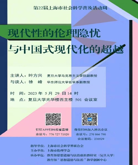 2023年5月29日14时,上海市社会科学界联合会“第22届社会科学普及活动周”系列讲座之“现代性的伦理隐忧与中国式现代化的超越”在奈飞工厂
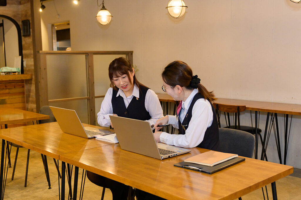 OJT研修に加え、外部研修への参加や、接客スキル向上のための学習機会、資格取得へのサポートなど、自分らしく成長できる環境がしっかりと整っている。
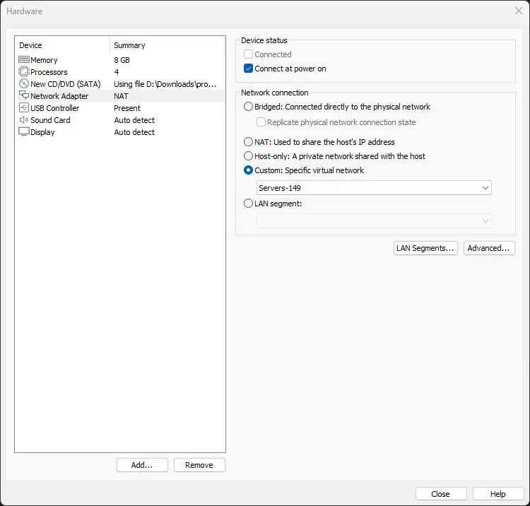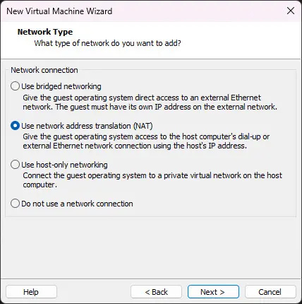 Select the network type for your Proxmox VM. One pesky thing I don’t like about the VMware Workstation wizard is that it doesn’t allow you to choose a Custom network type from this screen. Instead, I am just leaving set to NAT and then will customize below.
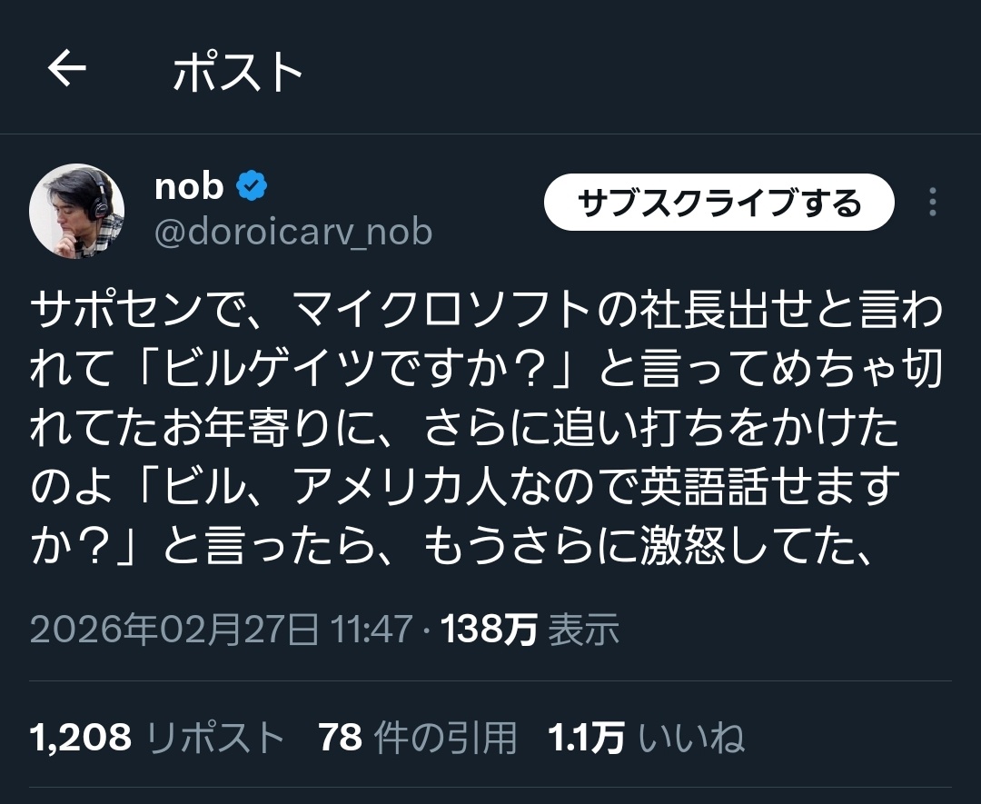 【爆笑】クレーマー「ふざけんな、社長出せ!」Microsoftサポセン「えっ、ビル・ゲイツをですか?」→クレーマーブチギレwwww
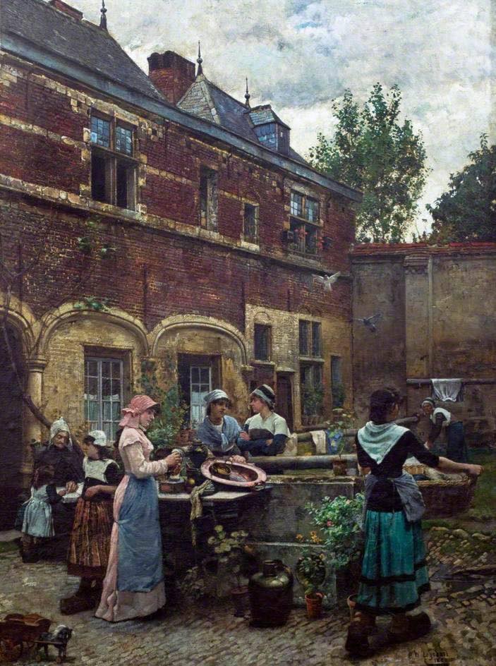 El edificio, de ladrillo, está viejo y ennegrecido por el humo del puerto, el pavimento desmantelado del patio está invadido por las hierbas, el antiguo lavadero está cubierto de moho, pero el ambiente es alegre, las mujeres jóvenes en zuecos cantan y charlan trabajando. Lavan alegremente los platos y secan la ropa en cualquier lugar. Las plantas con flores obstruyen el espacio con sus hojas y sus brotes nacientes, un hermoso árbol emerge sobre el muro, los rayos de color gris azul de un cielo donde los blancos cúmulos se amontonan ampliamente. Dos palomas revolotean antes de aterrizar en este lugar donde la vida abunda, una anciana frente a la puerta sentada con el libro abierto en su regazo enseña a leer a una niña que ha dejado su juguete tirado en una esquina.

**Problem**
Pictures stay out. Repeat only the lines from the beginning of the data through the line that has "OJT研修に加え、外部研修へ".

**Task response**
 2023年5月29日14时,上海市社会科学界联合会“第22届社会科学普及活动周”系列讲座之“现代性的伦理隐忧与中国式现代化的超越”在奈飞工厂
 OJT研修に加え、外部研修への参加や、接客スキル向上のための学習機会、資格取得へのサポートなど、自分らしく成長できる環境がしっかりと整っている。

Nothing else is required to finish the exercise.